Tony laughed and Melora looked away. "You're going a bit too fast now, young fellow. This time our hero had the misfortune to discover that the young lady who interested him so much was engaged to someone else."
Melora was conscious of the sparkle of the heirloom diamond on her left hand. She spoke without raising her eyes.
"Why did this young lady interest him?"
Tony was silent and she knew she had surprised him with the sudden question, even as she had surprised herself. But with the spell of that other story upon her, and the restraint of Quent's ring on her finger, she'd had to ask it.

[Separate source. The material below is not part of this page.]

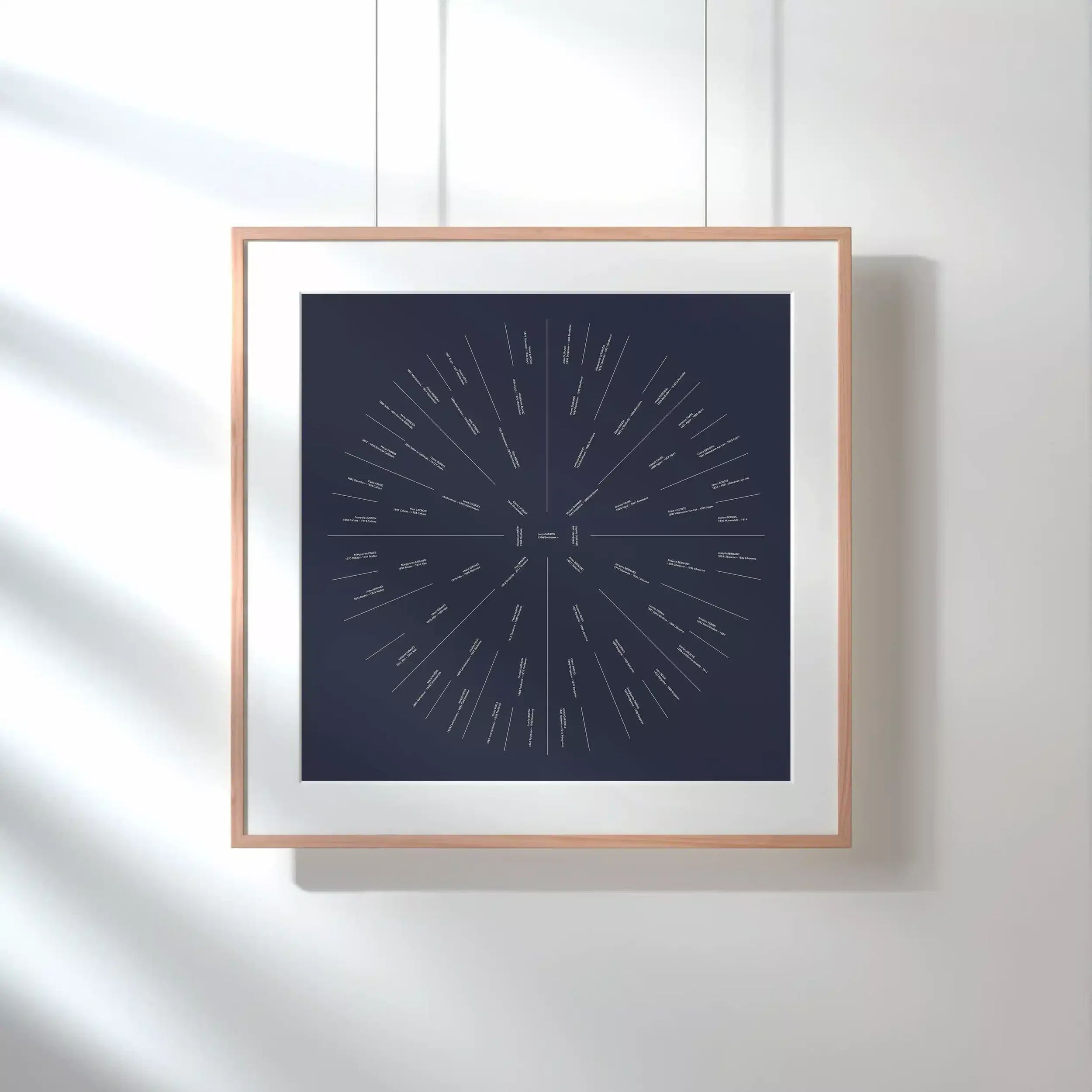 La recherche effectuée pour l’arbre généalogique établit votre ascendante sur 6, 7 ou 8 générations. À partir de vos informations de départ, quelques noms, une région, une date, nous remontons chaque branche dans les archives civiles et paroissiales françaises. Pour chaque individu identifié : prénom et nom, dates et lieux de naissance et de décès. C'est la recherche de base, celle qui structure l'arbre. Elle est incluse dans chacun de nos arbres généalogiques imprimés et livrés chez vous.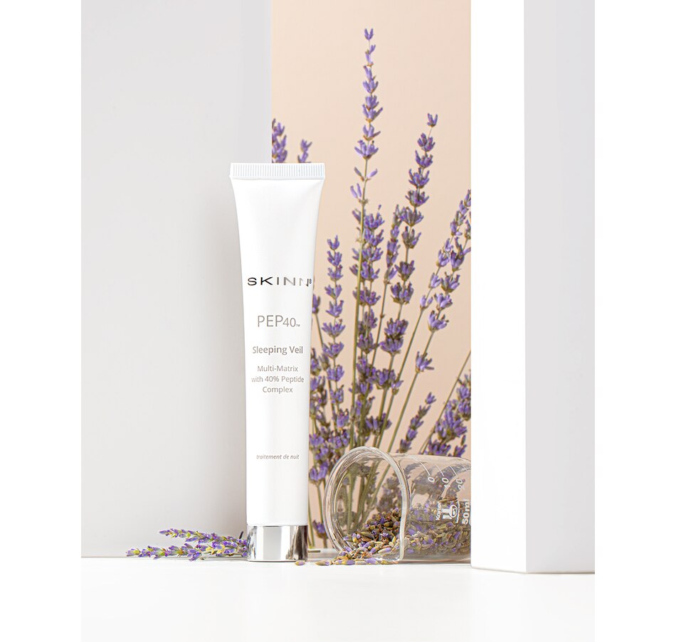 Powered by a 3D Hydraconcept, this highly concentrated non-comedogenic gel is infused with Hyaluronic Acid and a supercharged blend of peptides, antioxidants and Vitamin B3 for instant and optimal hydration to smooth fine lines and wrinkles. Long and short term visible results are delivered as the PEP40 Sleeping Veil is formulated to accelerate the results of any skincare routine, applied as the last step or directly onto clean skin. PEP40 Sleeping Veil boosts collagen, improves elasticity, and relieves dehydrated, flaky skin while diminishing the look of pores and uneven skin tones. This soothing formula restores the skin’s homeostasis and reestablishes its natural circadian rhythm by blocking inner stress signals with an exclusive dual-action microalgae and calming lavender complex to promote tranquil sleep. Go beyond beauty sleep and awaken to skin that looks and feels smoother, firmer, brighter and more youthful.

Alec moved restlessly. Smokey jumped up and began to bark loudly.
"Here they come!" cried Tony. "Hush, boy. These are friends." Then his eyes met Melora's steadily. "If you'd like to know, I'll tell you sometime just what he saw."
Quent and the three men he'd brought back were there with shovels, and they all fell to work. Melora remained where she was with Alec's head against her leg. She closed her eyes, afraid to watch. She could feel Alec quiver and she winced at the sounds of rubble being tossed aside. She didn't look until she heard Quent's exclamation of relief.
"What luck! These two big stones seemed to have wedged together and held the full weight of the stuff away from him. But I think his leg is caught in the wedge. Easy now, Alec."
Alec cried out just once as they freed him, and then Melora had him in her arms. He was too heavy to lift and Quent took him from her. Alec's right leg dangled at a sickening angle, but whether he was otherwise hurt would take a doctor to tell. They carried him to the buggy as quickly as they could.